Lyanna's hands curled in the blanket. "I will not be used," she said. "Not by dragons. Not by stags. Not by my own kin."

"Good," Dacey said. "Keep that fire."

Winter flicked an ear at the sound of Lyanna's voice and tossed her head. Lyanna reached through the canvas slit and brushed the mare's damp neck with her fingertips. The familiar touch steadied her. Beside Winter the marsh-pony snorted, stoic as a stone.

Howland guided the team around a flooded rut. "We are angling south and west," he said. "Maple spoke with birds that circle the Blackwater. Thistle saw iron helms in Stony Sept. We'll meet trouble there or learn where it passed. Either answer is useful."

"Useful gets us killed if we're careless," Dacey said. "We need to be quiet and careful."

Dijkstra pecked at a knot in the plank. "I like a town with bells," he said. "Bells ring for joy and for alarms. They tell on themselves."

Lyanna looked up at him. "You saw this coming. Couldn't you have warned me?"

The raven fluffed, annoyed. "I am a poor prophet. I told you before. I do not walk the now with ease. My roots remember old water. They replay one long dream of another road this world might have walked. That is the show I know. The rest is guesses and gossip." He eyed her. "But the guesses are good. I collect them with both claws."

She let out a breath she hadn't known she held. "Then don't pretend certainty. I have had enough of men speaking like gods."

"Ha," Dacey said. "You will hate princes for life. Not the worst taste you could develop."

Lyanna rubbed the ache behind her eyes. "Ned and Robert are at the Eyrie," she said. "Or were. If Jon Arryn refused, they will be with him."

"Likely," Howland said. "And likely moving. Lords who sit still now will be pulled apart by whoever reaches them first."

Lyanna thought of Ned's careful smile. Of Ashara's hand in his. A knot formed under her ribs. "I swear I will not be the stone that drags him under."

"You won't," Dacey said. "You're a current, not a weight."

The cart creaked on. Rain tapered to a mist, then to a fine spray. A hedgerow lane took them between dark fields and hedges heavy with drops.

"News spreads quicker than legs," Howland said. "Word will outpace us. We must be careful what names we wear."

"Fisherfolk," Dacey said. "Bored, broke, and hard to remember. If someone asks, we're running nets on the God's Eye for carp fat as a baby. No one invites fisherfolk to battlefields."

Lyanna nodded. "And if someone tries to claim me for ransom," she said, "they'll regret it."

Dacey's grin returned, sharp now. "There's my girl."

Lyanna leaned back against the cart side and let the motion lull her breath into rhythm. Grief came and went like a wave. When it rose, it pressed hot behind her eyes and burned her chest. When it fell, it left her washed out and tired. In the quieter troughs she saw again the circle of men in the dark room at Harrenhal. She heard about a restless kingdom. She heard "marriage ties." She heard "eager to spill blood."
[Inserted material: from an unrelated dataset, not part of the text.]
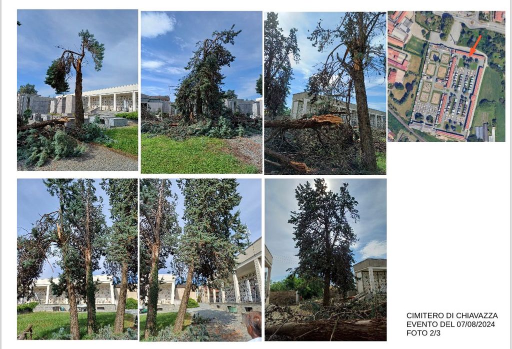 Lo scorso 7 agosto Chiavazza è stata colpita da una tromba d'aria che ha causato diversi importanti danni: in via Cucco ha divelto il tetto di un palazzo, in via Mosca alcuni alberi sono finiti sulle auto in sosta e hanno tranciato i cavi dell'energia elettrica. E nella conta dei danni è finito anche il cimitero, dove diversi alberi sono caduti ed alcuni si sono anche spezzati, ma il comune è già intervenuto per il ripristino delle situazione.

"Arryn and Tully," she said. "They spoke of a future they would build if the time came. Maybe they built it faster when they got the lie they needed."
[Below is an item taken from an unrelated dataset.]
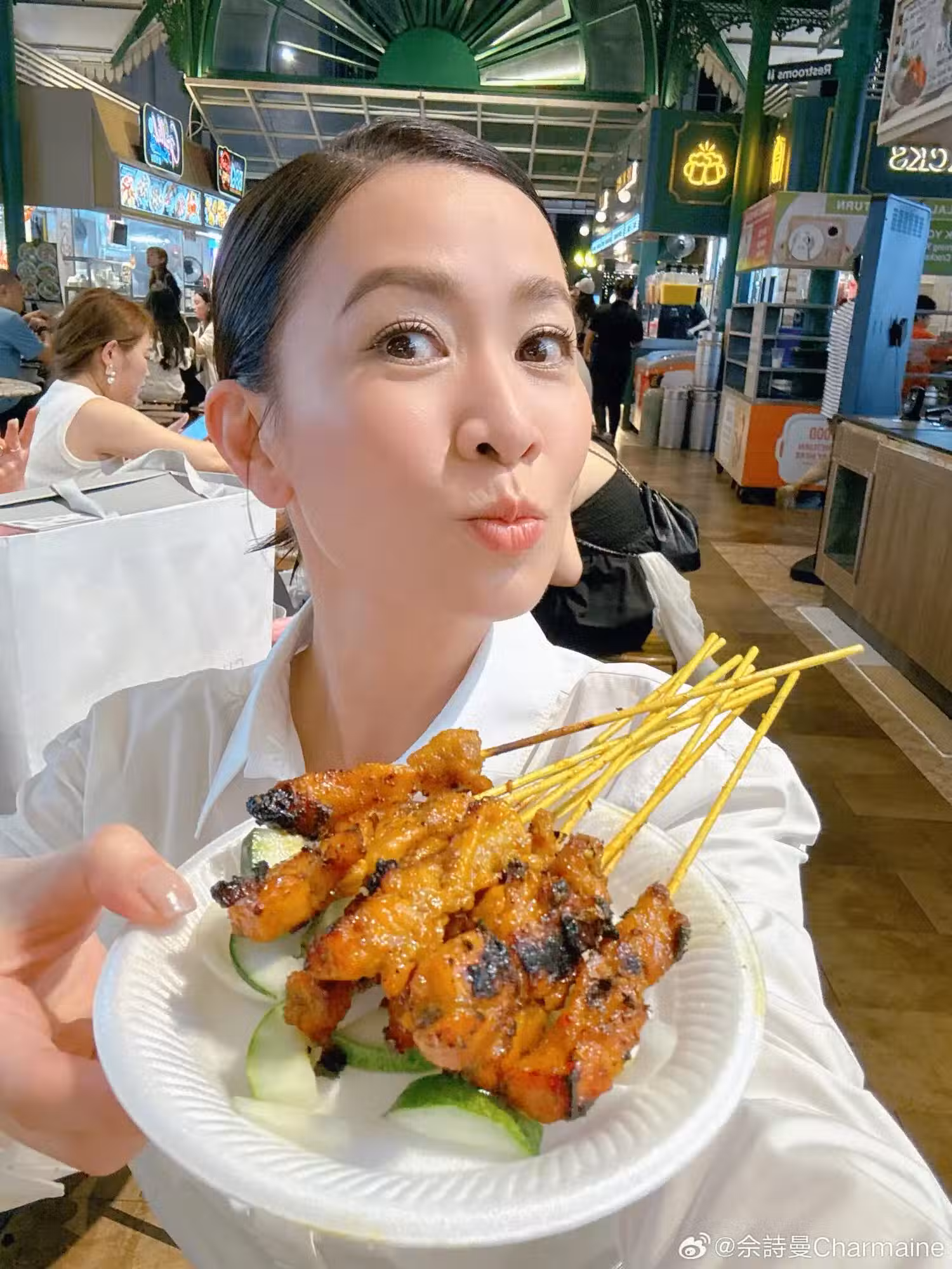 佘詩曼在新加坡大排檔吃沙爹。(圖/取自微博)

"You think they primed the tinder," Dacey said.

"I think they were waiting for a spark," Lyanna answered. "Whether or not I meant to help them light it."
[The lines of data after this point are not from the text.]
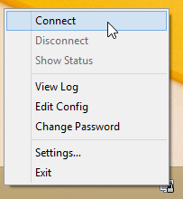 Once you have saved your configuration file, click on the OpenVPN GUI icon in the system tray. You will notice that more options are now available, including Connect. To connect to the VPN simply choose the Connect option (you must ensure that you have a live Internet connection already).
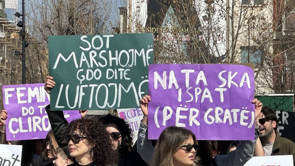 Dhjetëra gra, në mes tyre edhe disa burra me pankarta në duar kanë filluar ecjen e tyre, duke kërkuar liri dhe barazi për të drejtat e grave.
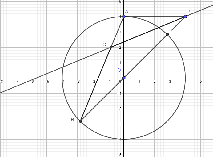 A perpendicular through (10, 9) will have a negative reciprocal slope = -3/4

Howland nodded once, grave. "It is the way of lords to weave a net and then point at the fish. We cannot unweave this one by hand. We must swim around it."

Lyanna reached for the amulet under her tunic. The carved token was warm against her palm. Not mystical. Just carved wood that carried a promise. She closed her fingers and let the promise stand.

"I will not be hunted like a deer," she said. "If the realm wants a wolf in its stories, I will be that and more."

Dacey squeezed her shoulder and let go. "Good," she said. "Because wolves eat well when civilization goes to pieces."

Dijkstra croaked, pleased. "And ravens feast after wolves," he added, shameless. "Bring me to the bells and I will bring you all the talk worth hearing."

Howland flicked the reins. The cart rolled on toward the next bend in the road. The hedges dripped. The sky lightened from iron to pewter. Winter glanced back once, as if to check that her rider still sat in reach.

Lyanna wiped her face with the heel of her hand and made herself sit straight. The ache in her chest did not ease, but it no longer owned her.